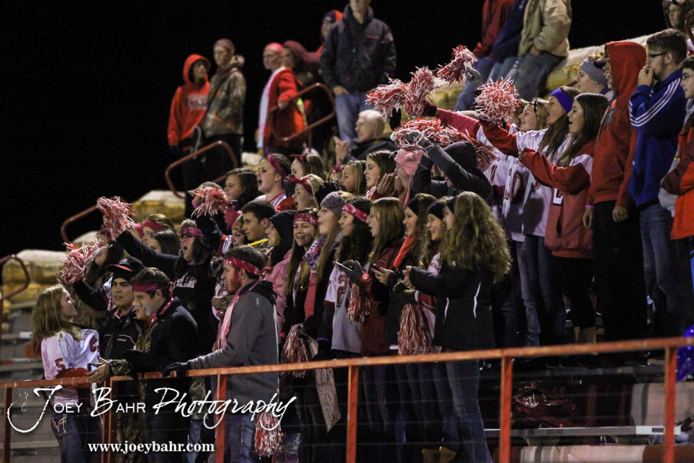 Hoisington Cardinal fans cheer on their team during the Hoisington High School versus Smoky Valley football game with Hoisington winning 33 to 12 at Eldon Brown Field in Hoisington, Kansas on October 10, 2014. (Photo: Joey Bahr, www.joeybahr.com)
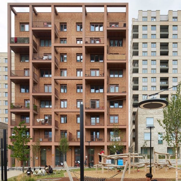 Vista exterior del edificio de apartamentos del este de Londres diseñado por White Arkitekter
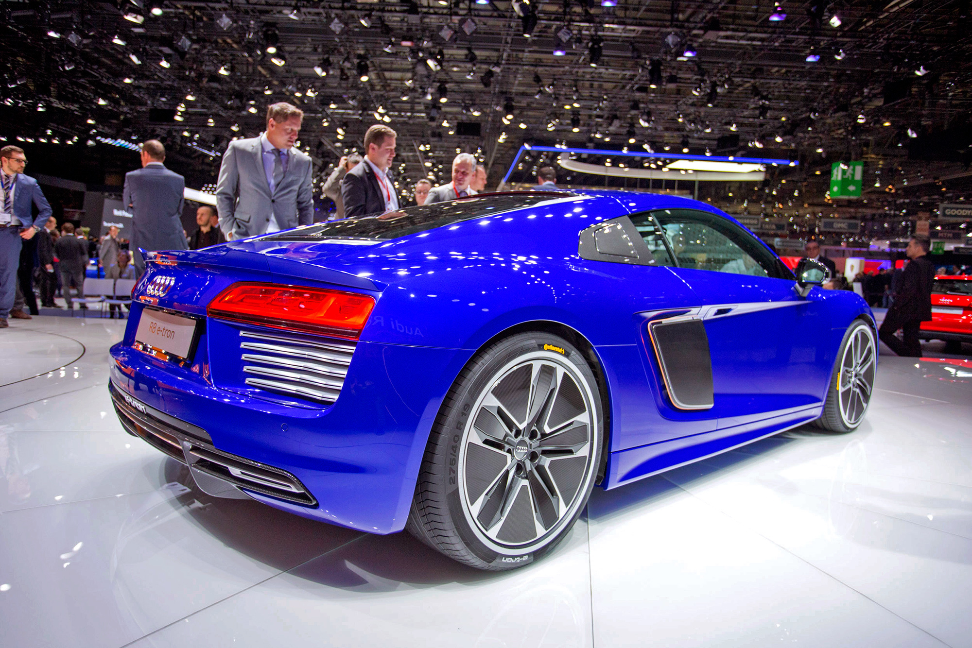 Пара электромоторов на задней оси «е-трона» развивает в сумме 340 кВт (462 л.с.) и 920 Н•м. С нуля до ста купе ускоряется за 3,9 с (всего на 0,4 с медленнее, чем R8 V10). У ранних прототипов было 4,2–4,6 с. Максималка ограничена электроникой на уровне 210 или 250 км/ч (на выбор). Для более уверенного прохождения поворотов предусмотрена система векторизации тяги (раздельное управления моторами). Впрочем, низкий центр тяжести в этом плане тоже помогает.
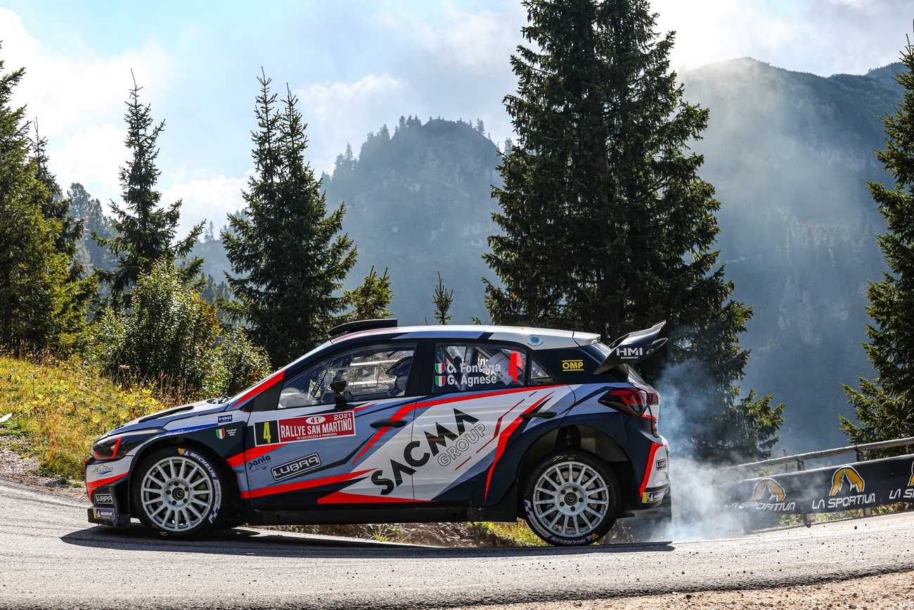 Peccato davvero perché nel primo giro di prove speciali, tutte molto lunghe e velocissime, Corrado Fontana era a pochi secondi da Pedersoli, autore di una gara sempre all’attacco a bordo della Citroen DS3 WRC. E proprio nella ripetizione della prova più lunga, la leggendaria “Manghen”, Corrado Fontana e Giovanni Agnese hanno dovuto dire addio alle ambizioni di vincere il Rally e di lottare per il Campionato.

-=-=-

* [Problem]: Omit all pictures, and repeat exactly the lines from the line containing "Пара электромоторов на" through the end of the data.

* [Response to this exercise]:
 Пара электромоторов на задней оси «е-трона» развивает в сумме 340 кВт (462 л.с.) и 920 Н•м. С нуля до ста купе ускоряется за 3,9 с (всего на 0,4 с медленнее, чем R8 V10). У ранних прототипов было 4,2–4,6 с. Максималка ограничена электроникой на уровне 210 или 250 км/ч (на выбор). Для более уверенного прохождения поворотов предусмотрена система векторизации тяги (раздельное управления моторами). Впрочем, низкий центр тяжести в этом плане тоже помогает.
 Peccato davvero perché nel primo giro di prove speciali, tutte molto lunghe e velocissime, Corrado Fontana era a pochi secondi da Pedersoli, autore di una gara sempre all’attacco a bordo della Citroen DS3 WRC. E proprio nella ripetizione della prova più lunga, la leggendaria “Manghen”, Corrado Fontana e Giovanni Agnese hanno dovuto dire addio alle ambizioni di vincere il Rally e di lottare per il Campionato.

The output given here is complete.